Hernandez’s parents say their son and the others were playing a game: crossing the border, touching a fence and then running back to Mexican soil. They accused Jesus Mesa Jr., the Border Patrol agent, of arriving on the scene and fatally shooting their son while Mesa was standing on U.S. soil.

They wanted to sue Mesa for violating the Fourth and Fifth Amendment.

According to the government, Mesa resorted to force only after Hernandez refused to follow commands to stop throwing rocks.

Justice Ruth Bader Ginsburg, joined by the other liberal justices, dissented, saying the claim should be heard. Ginsburg also referred to problems at the U.S.-Mexico border that date back nearly a decade.

“Regrettably, the death of Hernández is not an isolated incident,” she wrote.

“One report reviewed over 800 complaints of alleged physical, verbal, or sexual abuse lodged against Border Patrol agents between 2009 and 2012; in 97% of the complaints resulting in formal decisions, no action was taken,” Ginsburg said, referring to a court filing.

Ginsburg also wrote that “there is still no good reason why Hernandez’s parents should face a closed courtroom door,” noting that the circumstances would have been different if Hernandez had been “running up or down the United States side of the embankment.”

Hernandez’s “location at the precise moment the bullet landed should not matter one whit,” Ginsburg wrote, calling Mesa, the agent, “rogue.”

Disagreeing with Alito, Ginsburg wrote that “neither US foreign policy nor national security is in fact endangered by the litigation.”

The Justice Department declined to bring a criminal charge against Mesa in 2012 and it supported the agent in court, arguing that the family cannot come to the US courts and sue for damages.

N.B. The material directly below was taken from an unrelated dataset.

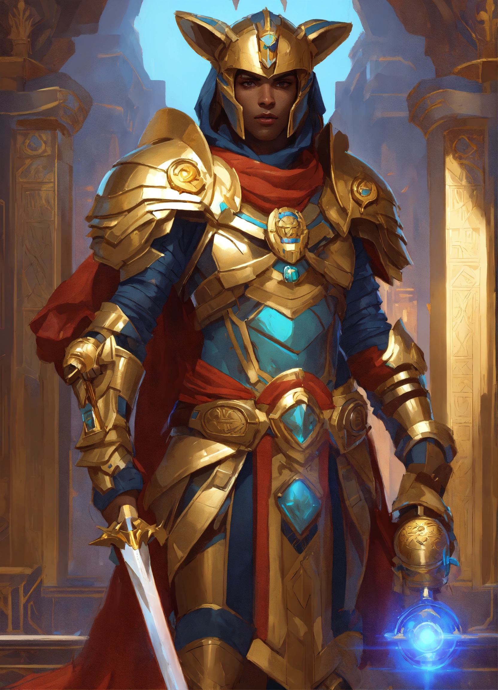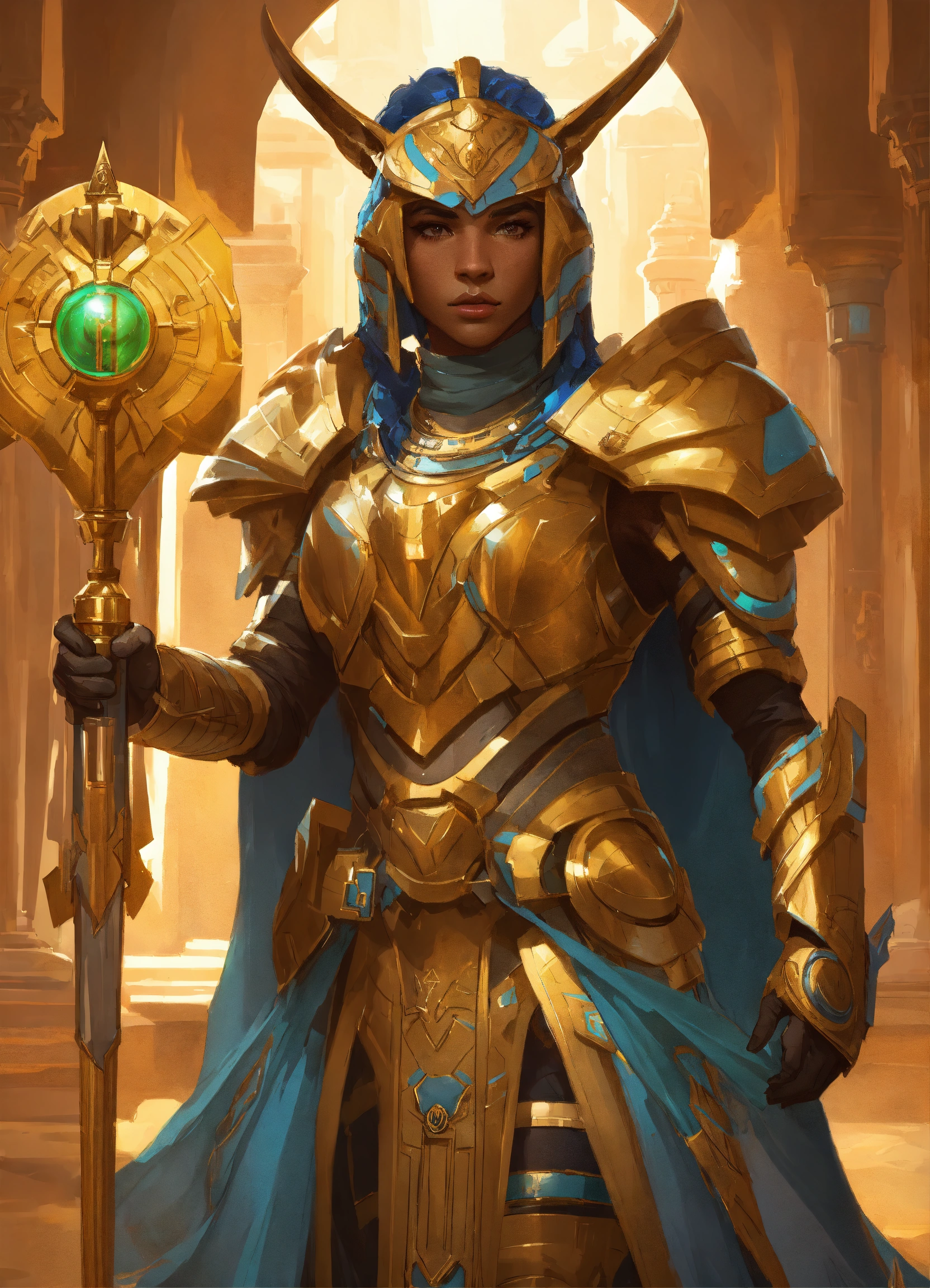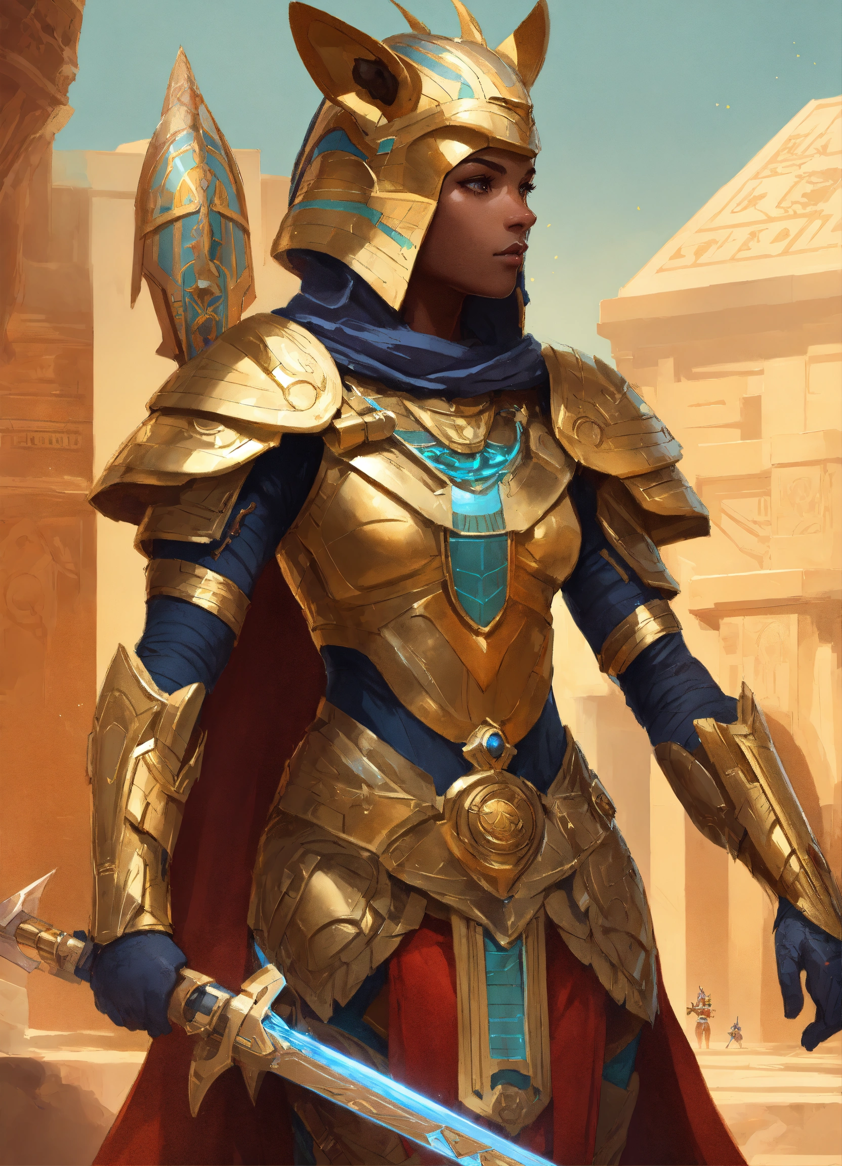 Sci-fi armor wearing anthro pony ethiopian pharaoh, holding a laser khopesh, egyptian, beetle, deep focus, d & d, fantasy, intricate, elegant, highly detailed, digital painting, artstation, concept art, matte, sharp, illustration, hearthstone, art by artgerm and greg rutkowski and alphonse mucha

Solicitor General Noel Francisco urged the justices in a court brief that “imposing a damages remedy on aliens injured abroad by US government officials would implicate foreign-policy considerations that are committed to the political branches” and would inject the courts into sensitive matters of international diplomacy that would “risk undermining the government’s ability to speak with one voice in international affairs.”